Take an odd integer; square it; then divide by 8. Can the remainder by 3? Can it be 7? (of course, just "yes" or "no" is not an acceptable answer. You must explain why the proposed remainder can or cannot occur.)

Please Help...

I have this so far:

Ex. (3)(3) = 9/8 = 1.125
Wanted to try and get to 3 so I went up with my integer

Ex. (7)(7) = 49/8 = 6.125

Ex. (9)(9) = 81 / 8 = 10.125

I am assuming that this will not work....but am not certain. Does anyone have any other thoughts?

Originally Posted by matgrl

Take an odd integer; square it; then divide by 8. Can the remainder by 3? Can it be 7? (of course, just "yes" or "no" is not an acceptable answer. You must explain why the proposed remainder can or cannot occur.)

Let odd integer = 2x + 1

(2x + 1)^2 / 8
= (4x^2 + 4x + 1) / 8
= [4x(x + 1) + 1] / 8
= 4x(x + 1) / 8 + 1/8
= x(x + 1) / 2 + 1/8

Since x(x+1) is always even, being the product of 2 consecutive integers,
then x(x+1) / 2 is always an integer, so 1/8 is always remainder: that's the .125 you were getting.

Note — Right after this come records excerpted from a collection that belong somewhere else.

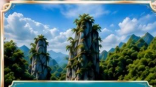
Enshi Puyan อุทยานหินเจินซือปุยหยา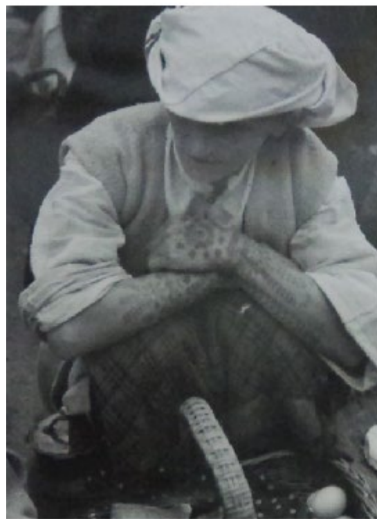
Zemaljski muzej Bosne i Hercegovine. Inv. Br. 361. Tetoviranje ruke, okolina Travnika.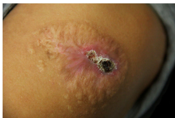
Figura 3 Placa infiltrada com crosta sero-hemática central com 18 meses de tratamento. Onze meses com itraconazol seguidos por sete meses de terbinafina associados a 11 sessões de criocirurgia com intervalos mensais.

Sporothrix e inibição do biofilme nas fases leveduriforme e filamentosa. 4,5 É também alternativa em gatos refratários ao itraconazol. 6 A criocirurgia foi utilizada com sucesso em 199 pacientes com resposta lenta ou refratária tratados com itraconazol/terbinafina. 7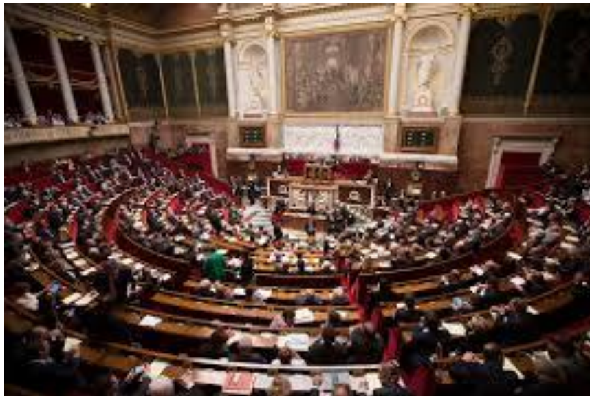
ห้องประชุมสภาผู้แทนราษฎรสาธารณรัฐฝรั่งเศส

ในช่วงการแพร่ระบาดของเชื้อไวรัสโคโรนา (COVID-19) รัฐสภาฝรั่งเศสลดจำนวนการประชุมลงและจัดประชุมระบบทางไกล ส่วนการประชุมคณะกรรมการถูกจำกัดเหลือแค่การพิจารณาและการอภิปรายในประเด็นที่เกี่ยวข้องกับไวรัสโคโรนาเท่านั้น การตัดสินใจในเรื่องดังกล่าวเป็นผลจากการประชุมร่วมกันระหว่างประธานรัฐสภาและรองประธานรัฐสภา หัวหน้าพรรคการเมือง ประธานคณะกรรมการและรัฐมนตรีที่มีความเกี่ยวข้องกับรัฐสภา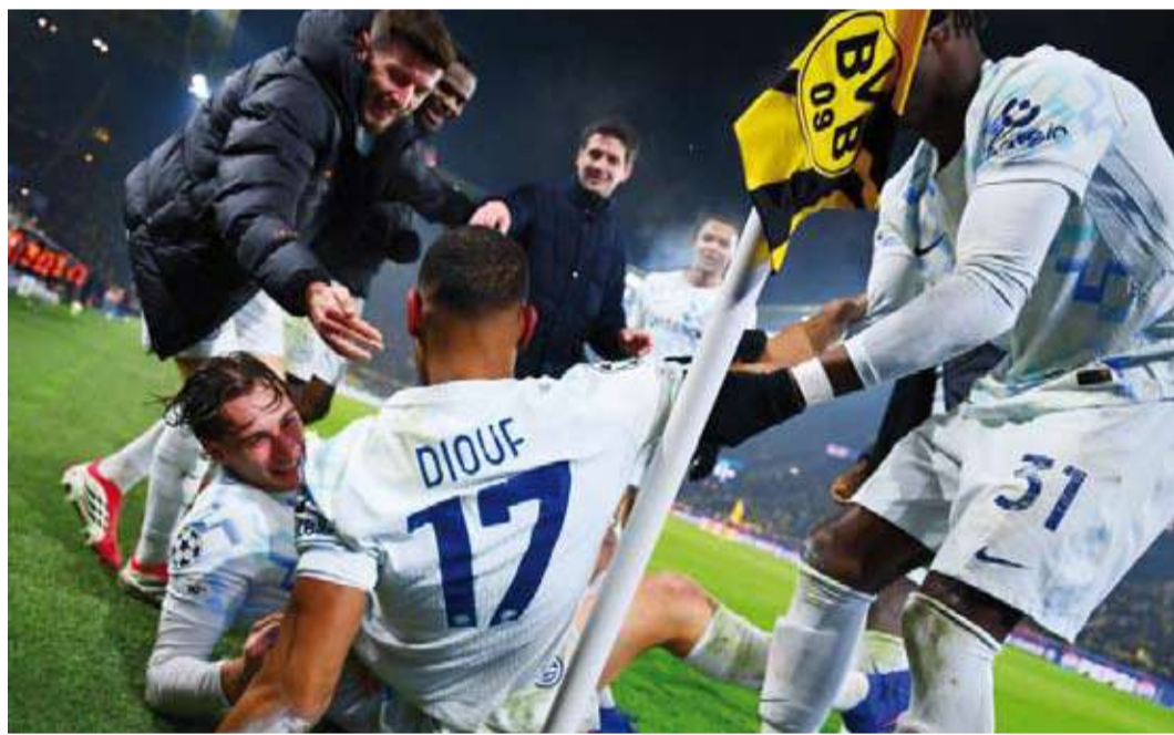
لاعبو الإنتر وفرحة الفوز على دورتموند

سجل إنتر ميلان هدفين قرب النهاية ليفوز 2-صفر على مضيفه بروسيا دورتموند في مباراتهم الختامية في مرحلة الدوري من دوري أبطال أوروبا، وتوجه الفريقان إلى الدور الفاصل المؤهل لدور الستة عشر.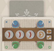
20 cartes Tablée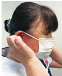
② ゴム紐を耳にかける。ブリーツが下向きになっていればOK。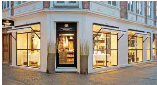
Butikken i Ålborg.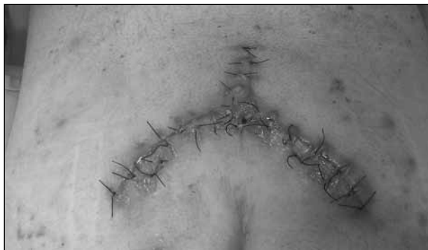
▲ Figura 8. Eritema de los bordes de la herida en un paciente con infección de sitio quirúrgico.

El tratamiento quirúrgico de los tumores sacros es uno de los grandes desafíos para todo cirujano espinal. La complejidad de la anatomía de la pelvis y la presencia de enfermedad avanzada hace que, muchas veces, se requiera de un abordaje multidisciplinario. Este procedimiento está determinado por numerosos factores, como el estado preoperatorio del paciente, las características anatómicas de la lesión, la zona del sacro comprometida y la biología de tumor en sí. Los pacientes deben ser cuidadosamente seleccionados con respecto a estos puntos, ya que las resecciones sacras son procedimientos de elevada morbi-

This is wonderful thank you! Could you show me how you factored 4x^2 + 4x + 1? I am not sure how to do this. Also could you explain to me how you got 1/8 as the remainder? Thank you for your time. I appreciate it

An integer when divided by another always leaves an integer remainder. You are confused between remainders and quotients. I think you should work like this:

Any odd number has one of the following forms :

a) 8n - 3

b) 8n - 1

c) 8n + 1

d) 8n + 3

Squaring these we get the following forms respectively:

a) 8n + 9

b) 8n + 1

c) 8n + 1

d) 8n + 9

9 = 1 (mod 8)

So an odd square can have only remainder 1 when divided by 8.